Crunch MapFn Example

In this post, we will look at processing data in Apache Crunch using a MapFn. A MapFn in Crunch is an implementation of DoFn that can apply processing logic for each input and returns only one result for each input.

For example, if we read a text file that contains 10 lines where each line is considered as an input, we can use a MapFn which applies the processing logic and returns 10 outputs.

MapFn guarantees an output for each input, however we should restraint using a MapFn if there is a likely case where we do not generate an output. In such cases we can use a DoFn.

Example:
In this example, let us prepare the data required for a Music Store. The music-store will host song information, like song-id, song-title, and artist name. Let us say we have all the song information stored in HDFS as text file in csv format. We can utilize Crunch API to read the text file and apply our processing logic so that we can convert it to Song objects and write them to a path in HDFS.

Create Song class:
I have used Avro to create my DTO since they work well with Hadoop and Crunch. Information on setting up project to use Avro can be found here http://blog.nithinasokan.com/2014/05/getting-started-with-avro.html
@namespace("com.crunch.tutor.api.music.store")
protocol SongProtocol {
    record Song {
        string songId;
        string songTitle;
        string artistName;
    }
}
However, if you do not wish to use Avro. You may utilize Writables, Thrift etc that were also built to work well with Hadoop.

Creating a MapFn
Typically we create an implementation of MapFn by extending the Crunch MapFn. We will also need to specify the input type and the output type so that crunch will be able to serialize and deserialize the data. Also, it is important to make sure all fields specified in MapFn are serializable, if not those fields should be marked as transient. The transient fields can be initialized in MapFn#initialize() method.
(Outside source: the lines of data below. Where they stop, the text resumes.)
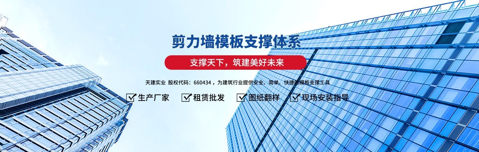 河北天建鋼結(jié)構(gòu)股份有限公司(簡稱:天建實業(yè))成立于2010年,注冊資本5500萬元,2017年掛牌,股權(quán)代碼660434,是一家集鋼支撐體系研發(fā)、生產(chǎn)、銷售、租賃、售后服務(wù)于一體科技創(chuàng)新企業(yè),地址位于河北省秦皇島市昌黎縣,致力為客戶提供安全、簡單、快捷的模板支撐工具。公司制造生產(chǎn)的鋼背楞系列產(chǎn)品,被應(yīng)用于商用建筑、高層住宅、人防、支擋、路橋、管廊等結(jié)構(gòu),適用多種模板加固工程,如木模、鋁模、鋼模、塑料模等,同時為國內(nèi)二百三十家建筑商、開發(fā)商、鋁模廠提供良好的產(chǎn)品和服務(wù),是建設(shè)服務(wù)領(lǐng)域美好品質(zhì)供應(yīng)商...
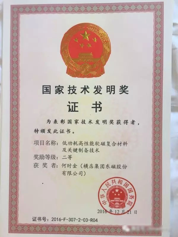 1月9號(hào),北京大陸航星質(zhì)量認(rèn)證中心股份有限公司客戶橫店集團(tuán)東磁股份有限公司董事長(zhǎng)何時(shí)金與浙江大學(xué)團(tuán)隊(duì)共同發(fā)明的“低功耗高性能軟磁復(fù)合材料及關(guān)鍵制備技術(shù)”,在人民大會(huì)堂舉行的一年一度國(guó)家科學(xué)技術(shù)獎(jiǎng)勵(lì)大會(huì)上獲得國(guó)家技術(shù)發(fā)明獎(jiǎng)二等獎(jiǎng),受到表彰。
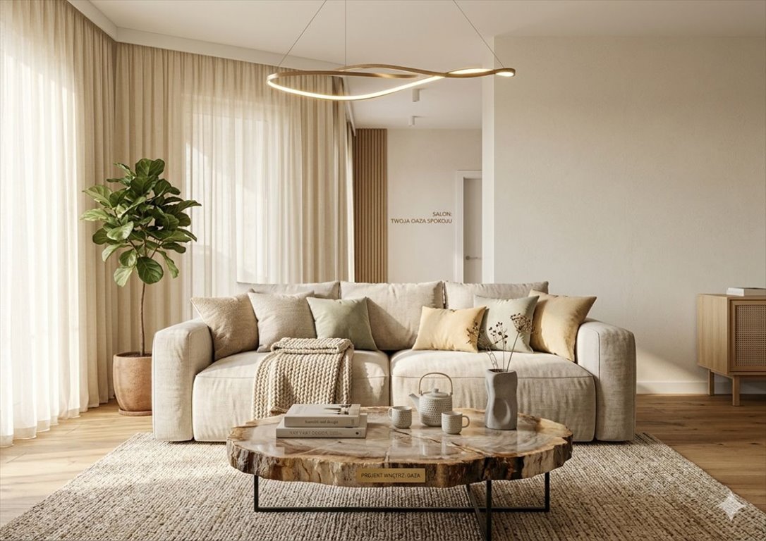 Dwupoziomowy układ pozwala naturalnie oddzielić strefę dzienną od prywatnej — komfortowe rozwiązanie dla rodzin lub osób pracujących zdalnie.
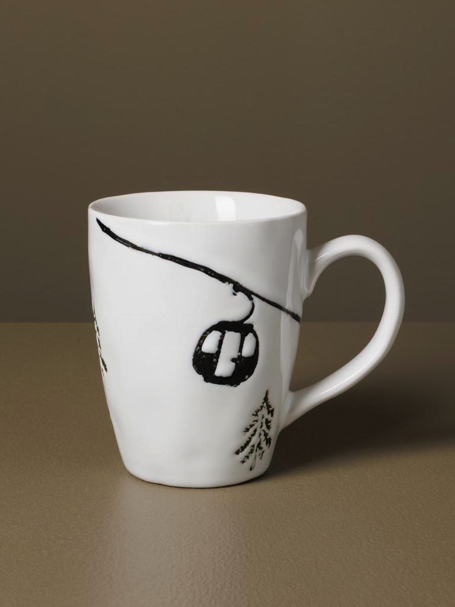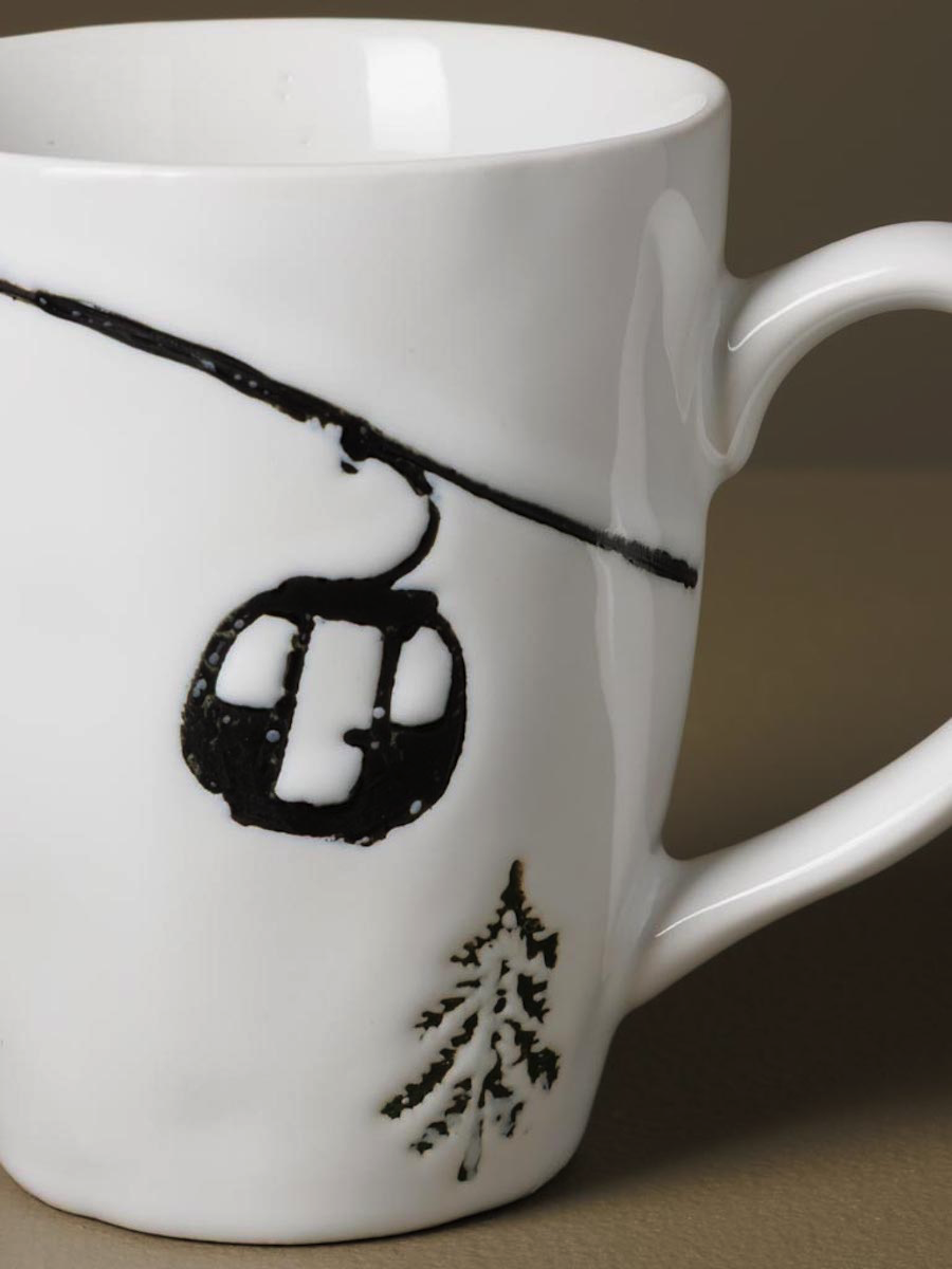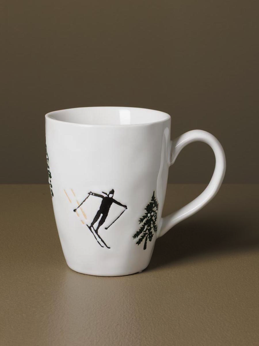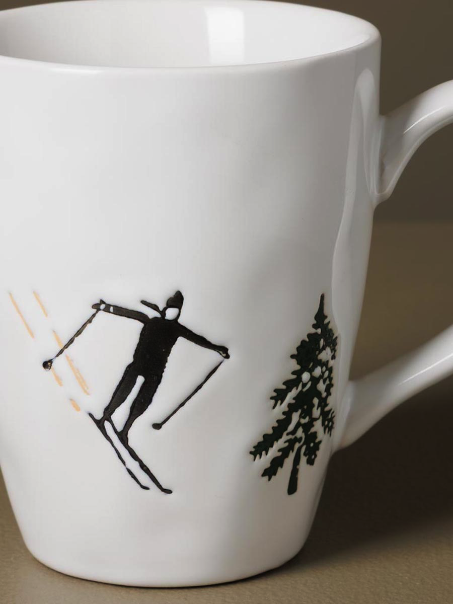 Ornés de motifs en relief représentant des skieurs en pleine descente évoluant parmi les sapins enneigés, ces mugs apportent une touche dynamique et authentique à vos pauses.
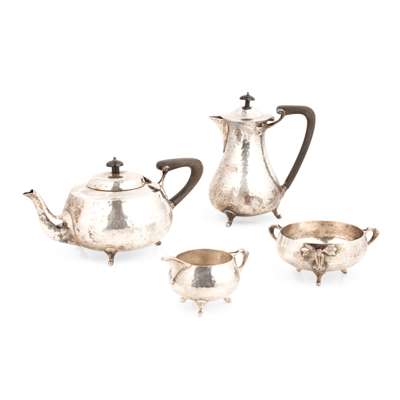 Comprising a teapot, water pot, thrice-handled sugar basin and a milk jug, all of planished finish, the bi-furcated handles with foliate terminals, each raised on three plain feet (4)
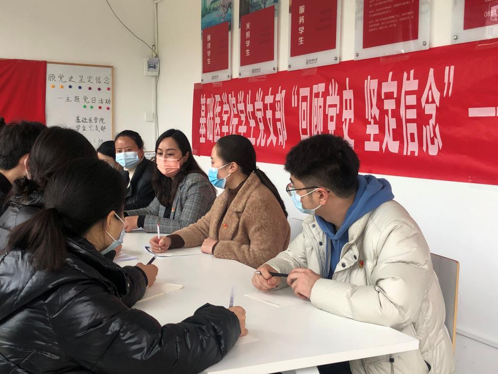 为了提高员工的党性觉悟,增加员工的党性修养,让师生党员能在重温党员誓词中,坚定理想信念。3月30日,太阳成tyc33455ccwww在“思来社区”开展“回顾党史 坚定信念”党史学习教育进社区活动。基础医公司党委副书记张贤、全体辅导员以及员工党员代表参加。
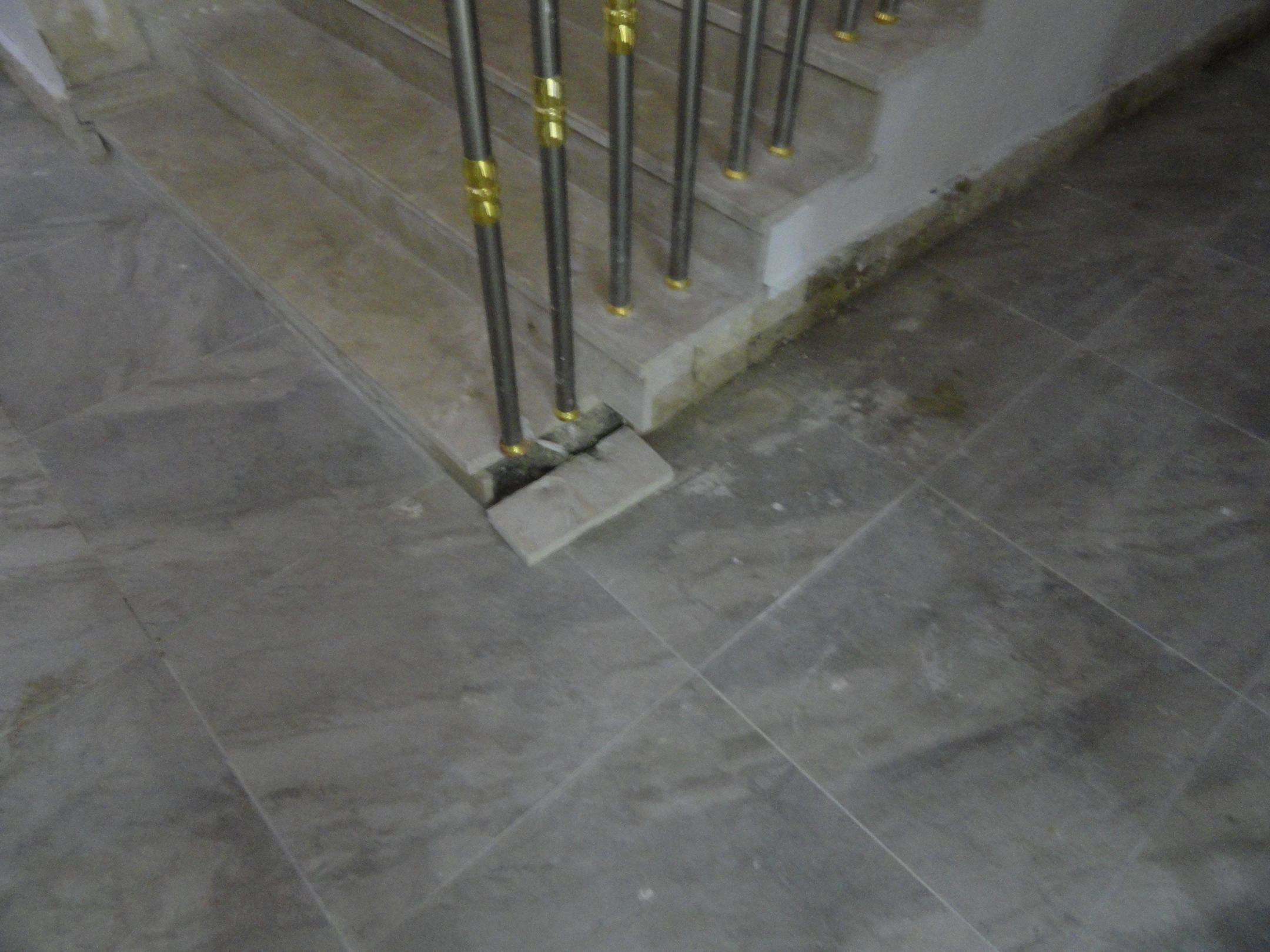 Defekte Fliesen im Aufgang von -2m zur Lobby
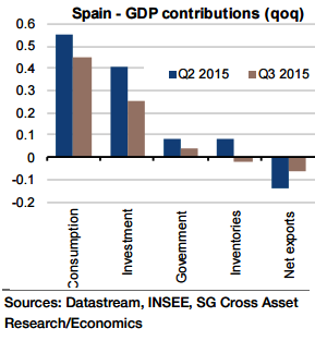 "Looking towards 2016, GDP growth is expected to slow further, at 2% on average in 2016 vs 3% in 2015. Indeed, firstly, given the still-high levels of private sector debt, recent strength in consumption and investment appears unsustainable", says Societe Generale.
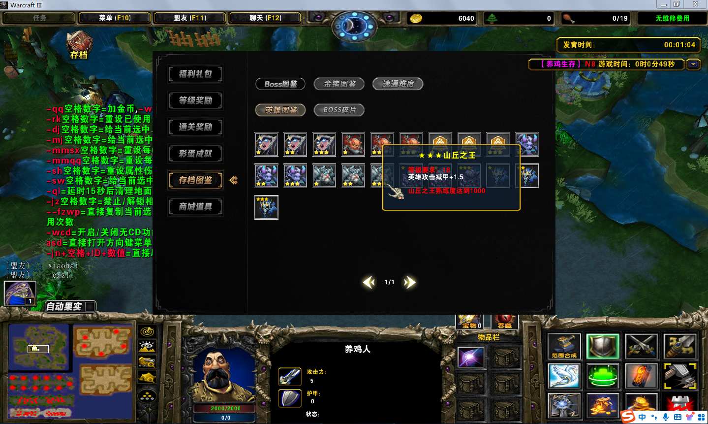 地图名字:养鸡生存1.0.25地图下载+全商城特权+全存档+无CD+指令功能

The core of the MapFn is the MapFn#map() method. In this method we take an input, apply processing logic and return an output.
package com.crunch.tutor.examples.musicstore;

import java.io.IOException;
import org.apache.crunch.MapFn;
import au.com.bytecode.opencsv.CSVParser;
import com.crunch.tutor.api.music.store.Song;

/**
 * A {@link MapFn} implementation that takes in a String as input and return a {@link Song}
 * instance. Each line of the input string should be formatted of the form
 * {@code "songId","song title","artist"}
 */
public class SongMapFn extends MapFn<String, Song> {

    // Generate this since MapFn implements serializable
    private static final long serialVersionUID = -1034942975963730842L;

    // Let's create a default parser that splits based on comma(,)
    private static CSVParser CSV_PARSER = new CSVParser();

    @Override
    public Song map(final String input) {

        final Song.Builder songBuilder = Song.newBuilder();
        try {

            // For the sake of simplicity, let us assume that input file is properly formatted csv.
            final String[] parsedInputs = CSV_PARSER.parseLine(input);

            // Again, for simplicity, let us assume the input data contains the right fields and we
            // do not fail with exception. But in a real use case, we have to check for incorrectly
            // formatted data, and handle exceptions appropriately.
            songBuilder.setSongId(parsedInputs[0]);
            songBuilder.setSongTitle(parsedInputs[1]);
            songBuilder.setArtistName(parsedInputs[2]);
        } catch (final IOException e) {
            e.printStackTrace();
        }
        return songBuilder.build();
    }
}
Driver code:
Now let us see how to make use of the MapFn in a Crunch Pipeline. We use a MapFn in a PCollection#parallelDo() method, which tells the crunch planner to trigger a MapReduce job that will apply the logic specified in the MapFn to the input PCollection. The result of the operation will be a PCollection that is formed by the output type specified in the MapFn.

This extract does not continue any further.